Maaveeran is a 2023 Indian Tamil-language political superhero film directed by Madonne Ashwin and produced by Shanti Talkies. The film stars Sivakarthikeyan in the titular role, alongside Aditi Shankar, Saritha, Mysskin, Monisha Blessy, Yogi Babu and Sunil. In the film, a cartoonist starts hearing a voice after an accident, which tries to make him kill a corrupt minister.

The film was officially announced in July 2022 under the official title Maaveeran, and was later, near release, subtitled Veerame Jeyam. Principal photography commenced in August 2022. It was shot predominantly in Chennai, along with Pondicherry, and wrapped by early-June 2023. The music was composed by Bharath Sankar, with cinematography and editing handled by Vidhu Ayyanna and Philomin Raj respectively.

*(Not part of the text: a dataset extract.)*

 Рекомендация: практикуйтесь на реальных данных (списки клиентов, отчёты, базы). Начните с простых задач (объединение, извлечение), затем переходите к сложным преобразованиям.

Maaveeran was initially scheduled to release on 11 August 2023, but was preponed to avoid a clash with Jailer. The film was released on 14 July 2023 to positive reviews and became a commercial success.

== Plot ==
Sathya is a comic book artist who writes and illustrates a comic strip about a brave warrior named Maaveeran for the Tamil newspaper Dhina Thee. However, he is also a coward who has been unable to stand up for himself ever since his father was killed several years ago in his fight against the existing system. He allows an employee at Dhina Thee to take credit for Maaveeran due to his cowardice. Nila, a sub-editor at the paper and a journalist, takes a stand on Sathya's behalf, securing the same job that the previous sub-editor misused his skills for. Eventually, they both fall in love.

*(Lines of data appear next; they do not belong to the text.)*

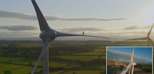 During the clip, the cyclist stands at the top of the turbine before edging his bike onto the blade – while attached to a rope.
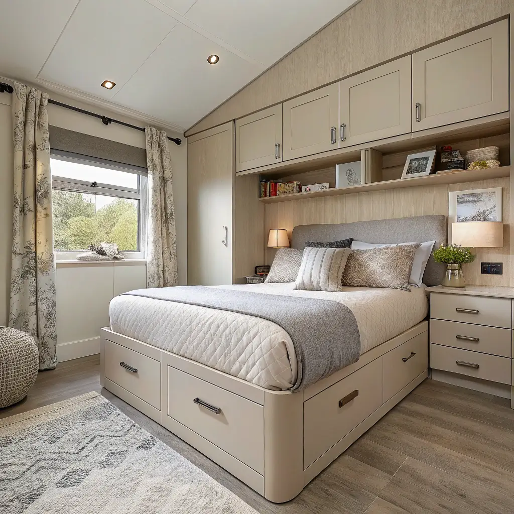 Multi-functional furniture becomes your best friend. Ottoman benches that open for storage, nightstands with multiple shelves, headboards with built-in compartments—these hybrid pieces do double duty without doubling your furniture footprint.
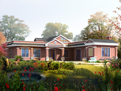 LX060漂亮的一層自建別墅設計圖紙外觀效果圖,鼎川建筑一層
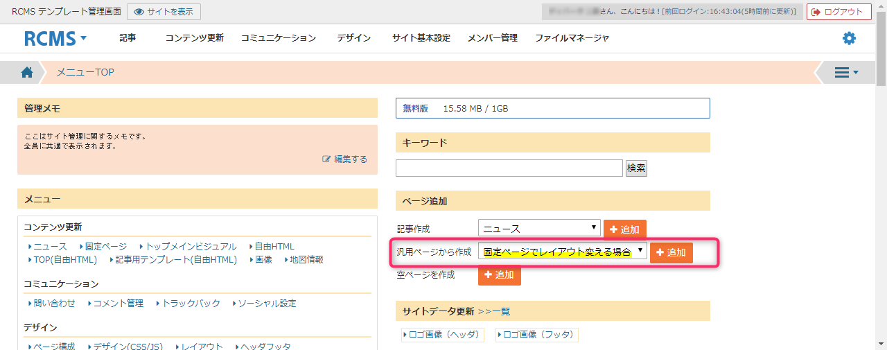 各項目を入力して、「追加する」ボタンをクリックし、ページを追加します。
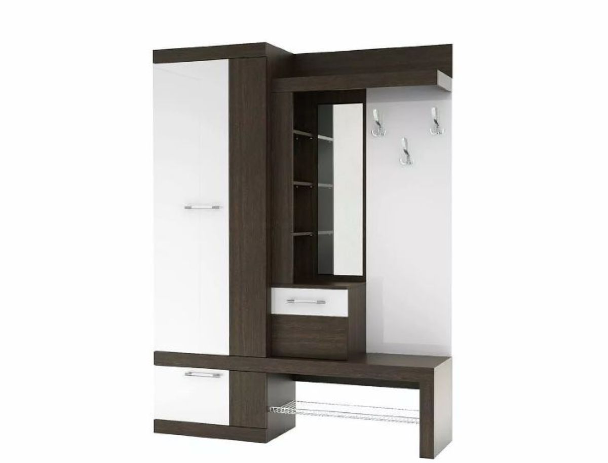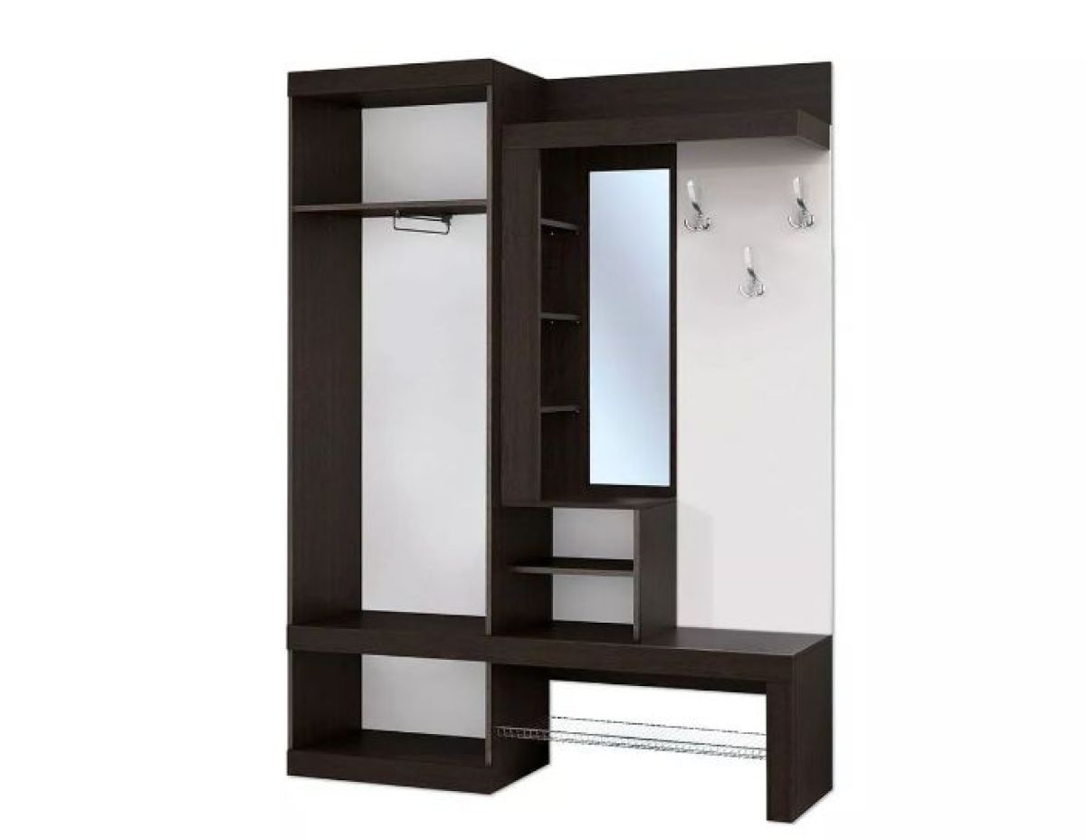 Функциональная прихожая "Дуэт" выполнена в эффектном сочетании цветов. Прихожая включает в себя шкаф с выдвижной штангой, зеркало, трехрожковые крючки для одежды, полки, тумбу под зеркалом и сетчатую решетку для обуви.

Sathya and his family, comprising his widowed mother, Eshwari, and younger sister, Raji, along with his neighbours, are forced to move out of their slum and relocate to a high-rise apartment building by the Government of Tamil Nadu to improve their living conditions. But within a few hours of moving in, the apartment's flaws get exposed because of shoddy construction, crumbling walls due to unstable foundation, broken doors, poorly installed windows, and the ceiling falling apart. Eshwari confronts the contractor, Dhanraj, and the local councillor Paguthi.

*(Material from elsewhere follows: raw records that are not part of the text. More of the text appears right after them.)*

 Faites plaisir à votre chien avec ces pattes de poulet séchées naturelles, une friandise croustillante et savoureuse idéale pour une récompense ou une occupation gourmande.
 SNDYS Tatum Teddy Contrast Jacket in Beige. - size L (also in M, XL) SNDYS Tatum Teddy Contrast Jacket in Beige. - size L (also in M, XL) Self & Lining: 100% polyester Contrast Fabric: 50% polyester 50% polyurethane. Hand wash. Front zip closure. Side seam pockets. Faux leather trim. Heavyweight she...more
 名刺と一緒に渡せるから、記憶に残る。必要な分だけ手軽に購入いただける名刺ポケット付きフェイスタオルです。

A drunk Dhanraj enters Sathya's apartment unnoticed by Eshwari and force opens the bathroom door while Raji is inside, taking a shower. Sathya gets home and panics at the site of the messy condition of his apartment. He learns what Dhanraj had done to his sister and how Dhanraj hit his mother for questioning him. Enraged, Sathya goes to Dhanraj carrying a pencil as a weapon, but he and his goons humiliate and threaten him.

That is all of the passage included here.